Dr. Dunne reported that post-transplant absolute FEV1 was best from donors less than 18 years of age and declined significantly with donor age (2.73, 2.68, 2.48, 2.47L/s) [P less than 0.01]. After multivariable analysis there was no difference in survival or freedom from CLAD between any of the age groups.
“Our study showed that lungs from donors over 70 years of age, despite a slightly lower peak post-transplant FEV1, have similar survival and freedom from CLAD as donors from the “traditional” (less than 55 years) age group and the commonly accepted “extended criteria” (56-69 years) age group,” Dr. Dunne stated. “In this cohort, lungs from older donors were more commonly used for more urgent recipients. After thorough analysis, the long-term outcome for recipients of older donor lungs appears to be just as good as for recipients of younger lungs,” he concluded.
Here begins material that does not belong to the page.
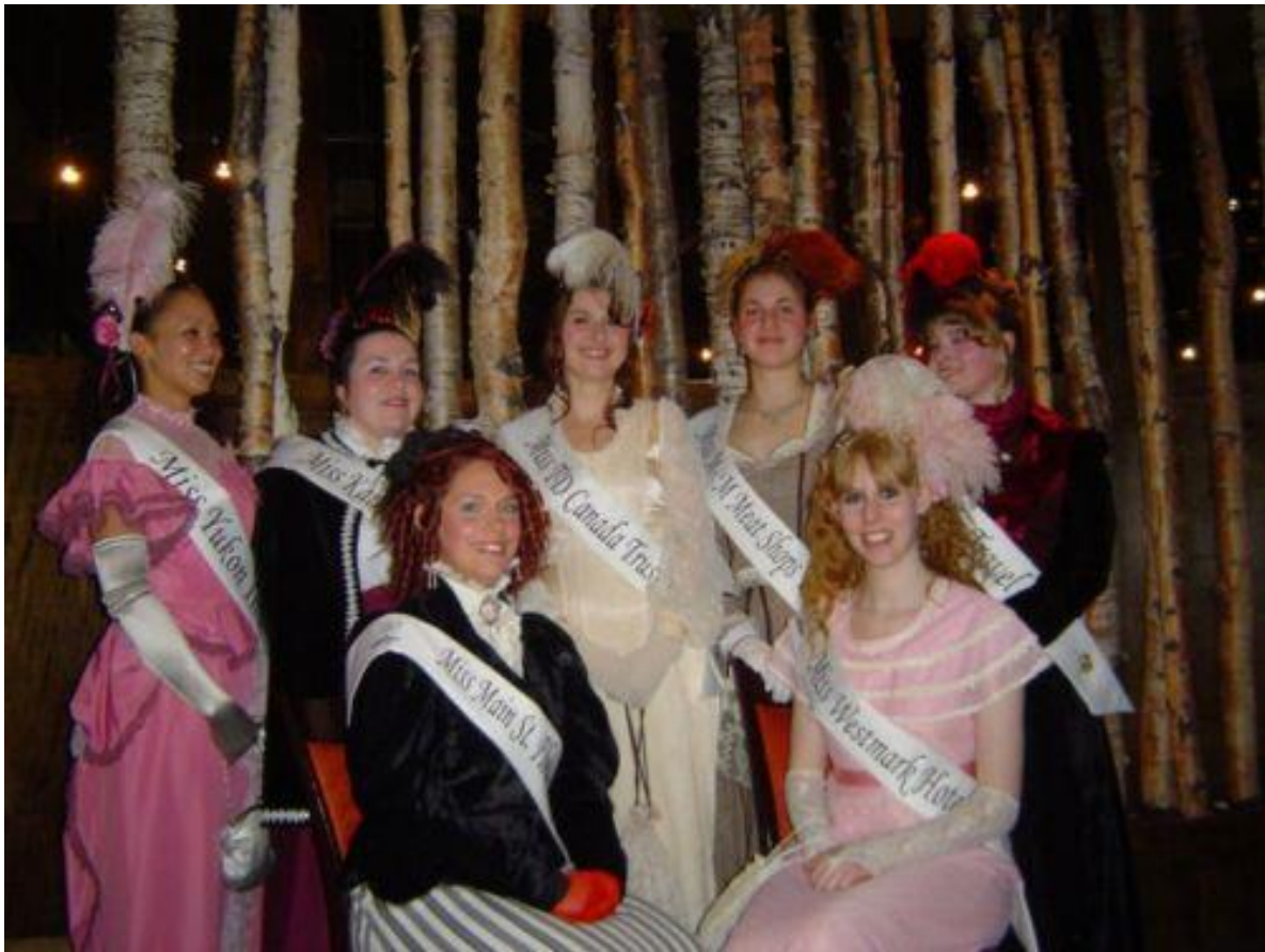
Sourdough Rendezvous Queen Candidates

Samuel Freyaldenhoven, MD, Brigham & Women’s Hospital, Boston, presented a study that he and his colleagues performed that aimed to characterize patterns of whole chromosome alterations (WCAs) in malignant pleural mesothelioma (MSM) and to correlate them to clinicopathologic data and gene expression signatures. Dr Freyaldenhoven and his colleagues used single nucleotide polymorphism (SNP) arrays to profile DNA copy numbers from 95 MPM paired tumor-normal samples from patients who underwent resection at Brigham and Women’s Hospital (BWH). WCAs were also analyzed in an independent cohort of 87 paired MPM samples profiled using the Affymetrix SNP6 SNP array (The Cancer Genome Atlas). Cases in which both arms of a chromosome had the same copy number change were classified as WCAs. An overall WCA burden was determined using the total number of WCAs observed in each sample. They stratified samples into two groups (low and high) by WCA burden using the bottom quartile as a cutoff.
“Our study suggests that WCA is a common feature in MPM. In addition, it provides evidence that the WCA burden is an independent prognostic indicator, and is associated with DNA repair mechanisms, cell proliferation, and tumor immune infiltration. Additional analyses are in progress to further elucidate the role of WCA in MPM,” Dr. Freyaldenhoven concluded.